Assignment:
Using the listing below, please print exactly the lines from the one with "沿著天花板與牆面的光帶設計,不僅提供柔和" through the one with "Our Essential Heavy". Leave out every picture.

Exercise input:
□ □ □

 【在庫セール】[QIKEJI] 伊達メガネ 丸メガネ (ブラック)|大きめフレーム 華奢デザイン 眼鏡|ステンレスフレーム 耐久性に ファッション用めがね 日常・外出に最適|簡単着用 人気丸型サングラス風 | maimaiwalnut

□ □ □

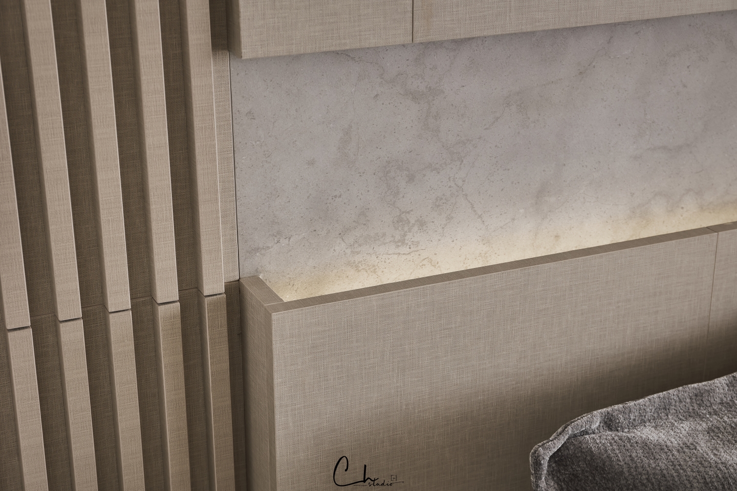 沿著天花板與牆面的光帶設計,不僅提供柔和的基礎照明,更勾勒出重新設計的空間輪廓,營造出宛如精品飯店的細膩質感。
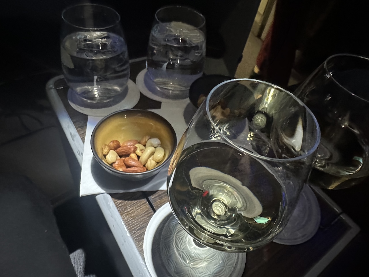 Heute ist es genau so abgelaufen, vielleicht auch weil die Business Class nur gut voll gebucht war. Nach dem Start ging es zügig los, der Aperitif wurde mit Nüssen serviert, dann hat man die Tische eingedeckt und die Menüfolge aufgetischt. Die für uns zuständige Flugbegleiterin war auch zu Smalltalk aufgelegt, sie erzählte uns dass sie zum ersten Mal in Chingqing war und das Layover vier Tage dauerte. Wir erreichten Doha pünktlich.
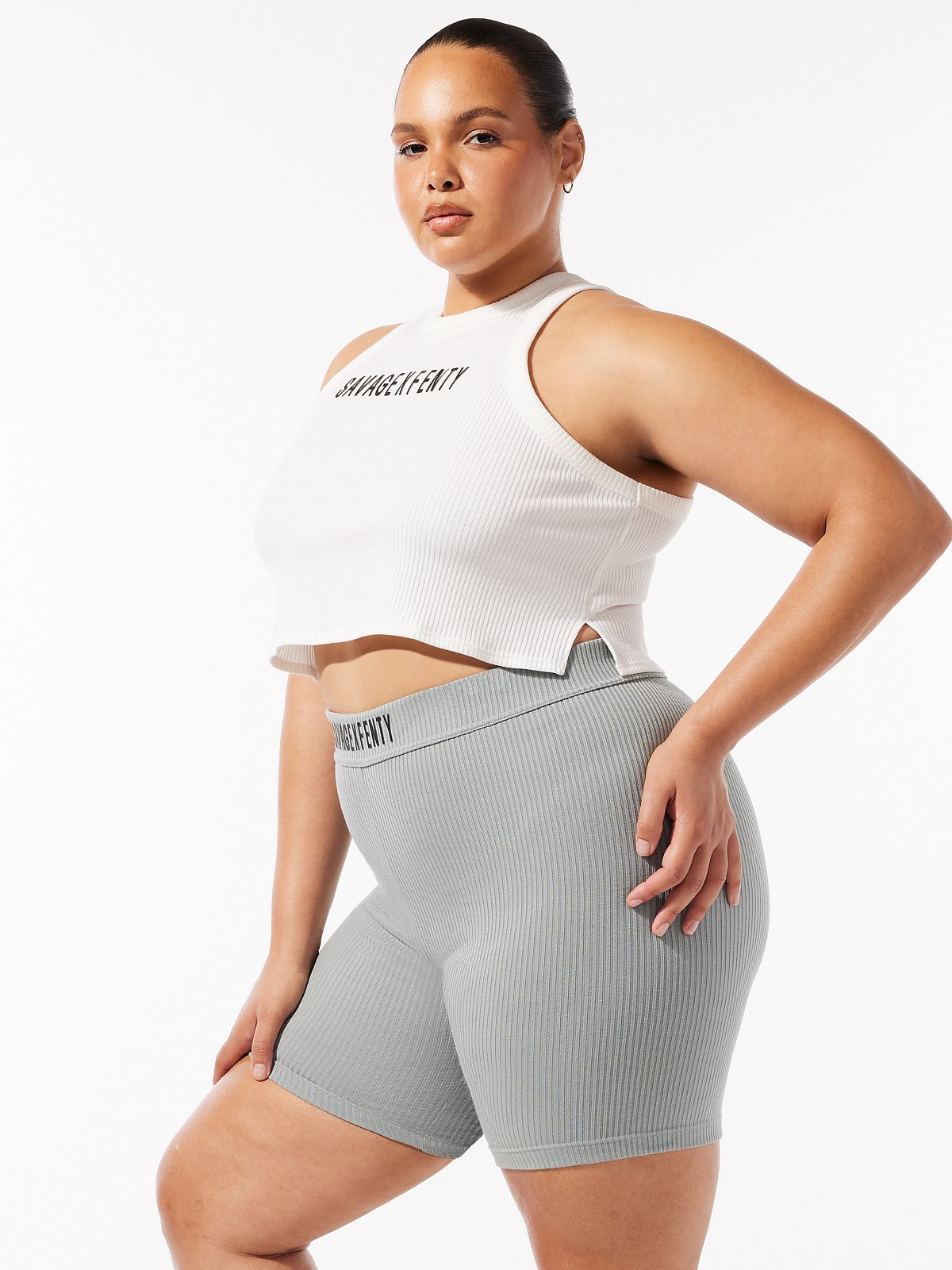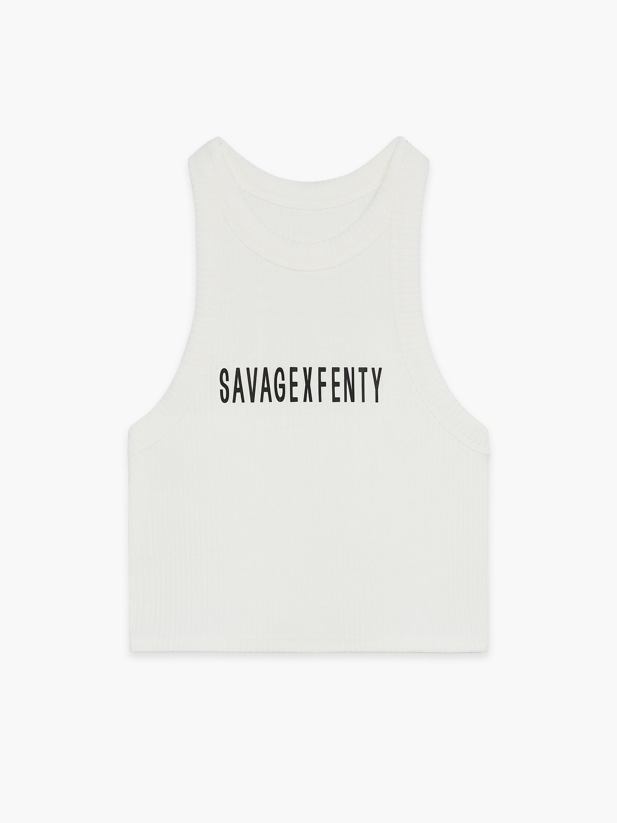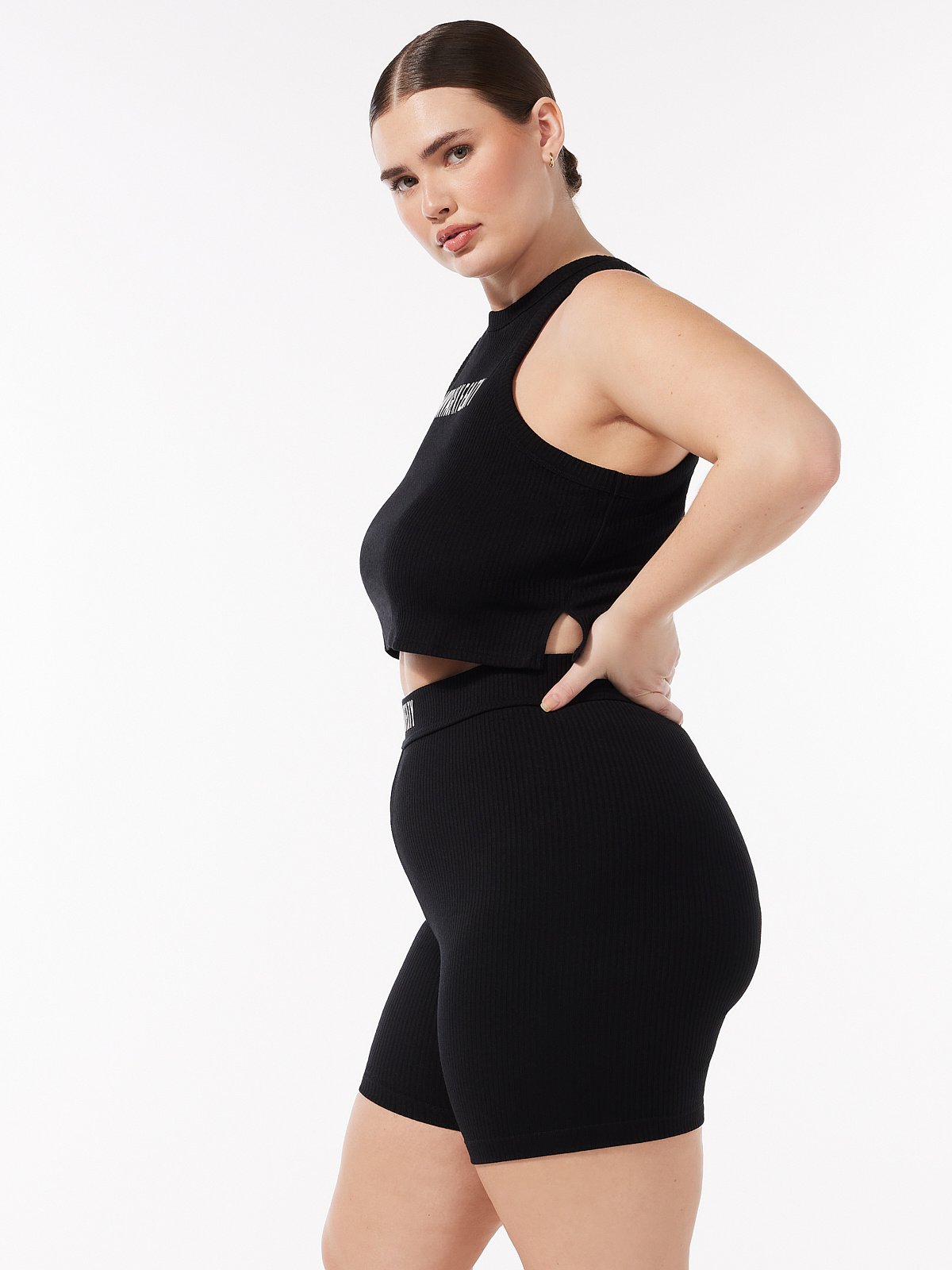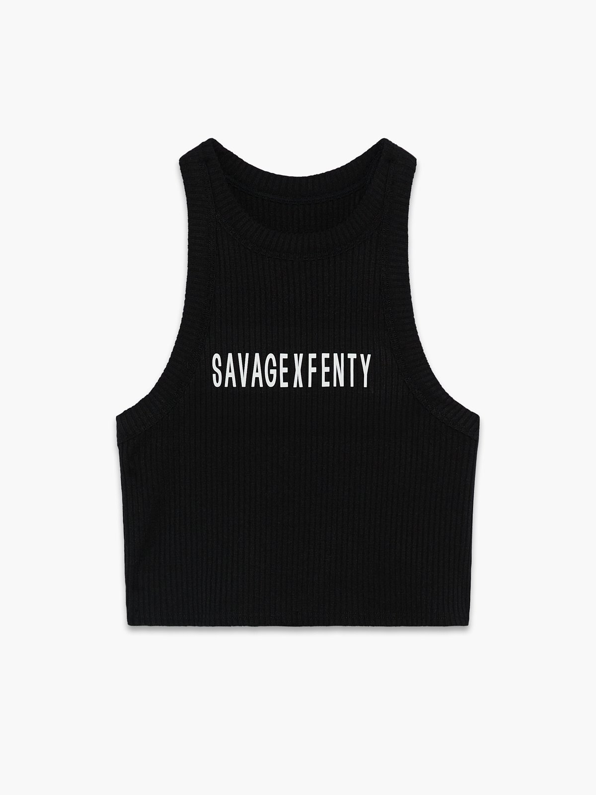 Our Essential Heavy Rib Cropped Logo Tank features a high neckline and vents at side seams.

□ □ □

The completed task:
 沿著天花板與牆面的光帶設計,不僅提供柔和的基礎照明,更勾勒出重新設計的空間輪廓,營造出宛如精品飯店的細膩質感。
 Heute ist es genau so abgelaufen, vielleicht auch weil die Business Class nur gut voll gebucht war. Nach dem Start ging es zügig los, der Aperitif wurde mit Nüssen serviert, dann hat man die Tische eingedeckt und die Menüfolge aufgetischt. Die für uns zuständige Flugbegleiterin war auch zu Smalltalk aufgelegt, sie erzählte uns dass sie zum ersten Mal in Chingqing war und das Layover vier Tage dauerte. Wir erreichten Doha pünktlich.
 Our Essential Heavy Rib Cropped Logo Tank features a high neckline and vents at side seams.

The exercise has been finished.